INPUT DATA
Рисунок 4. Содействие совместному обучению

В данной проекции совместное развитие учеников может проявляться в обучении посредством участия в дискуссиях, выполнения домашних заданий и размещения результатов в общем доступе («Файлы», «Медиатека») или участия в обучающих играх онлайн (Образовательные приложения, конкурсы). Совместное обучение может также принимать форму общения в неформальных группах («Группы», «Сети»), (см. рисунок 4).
--
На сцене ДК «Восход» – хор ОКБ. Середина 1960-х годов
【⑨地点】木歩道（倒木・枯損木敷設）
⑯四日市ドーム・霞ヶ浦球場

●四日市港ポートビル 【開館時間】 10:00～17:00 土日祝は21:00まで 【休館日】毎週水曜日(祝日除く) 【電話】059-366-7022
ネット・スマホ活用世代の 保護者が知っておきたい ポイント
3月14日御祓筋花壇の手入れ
* * *
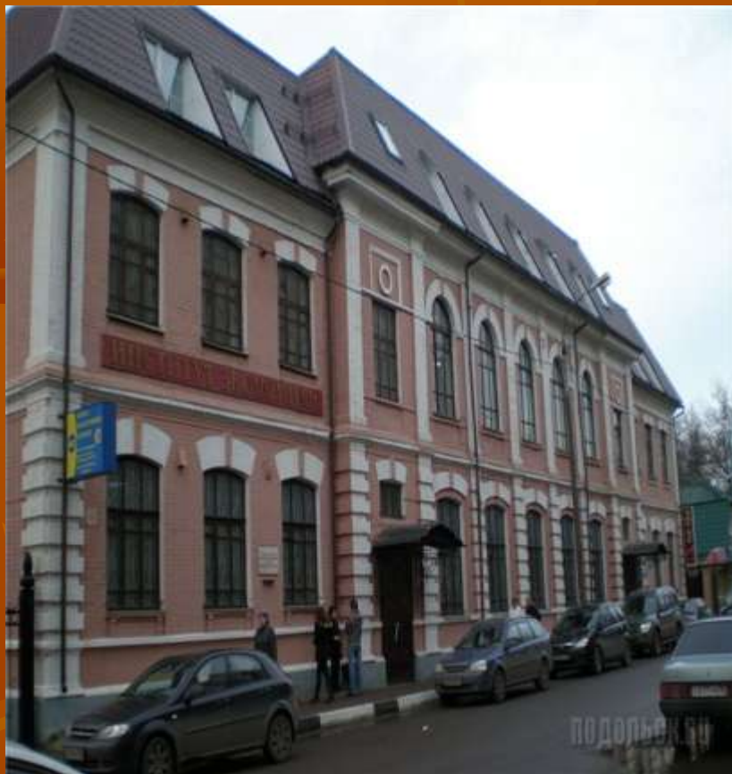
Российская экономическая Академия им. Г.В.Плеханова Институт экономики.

YOUR TASK
Please give back exactly the lines of the listing above that run from the one containing "Рисунок 4. Содействие совместному обучению" through the one containing "В данной проекции", and only those.

EXERCISE SOLUTION
Рисунок 4. Содействие совместному обучению

В данной проекции совместное развитие учеников может проявляться в обучении посредством участия в дискуссиях, выполнения домашних заданий и размещения результатов в общем доступе («Файлы», «Медиатека») или участия в обучающих играх онлайн (Образовательные приложения, конкурсы). Совместное обучение может также принимать форму общения в неформальных группах («Группы», «Сети»), (см. рисунок 4).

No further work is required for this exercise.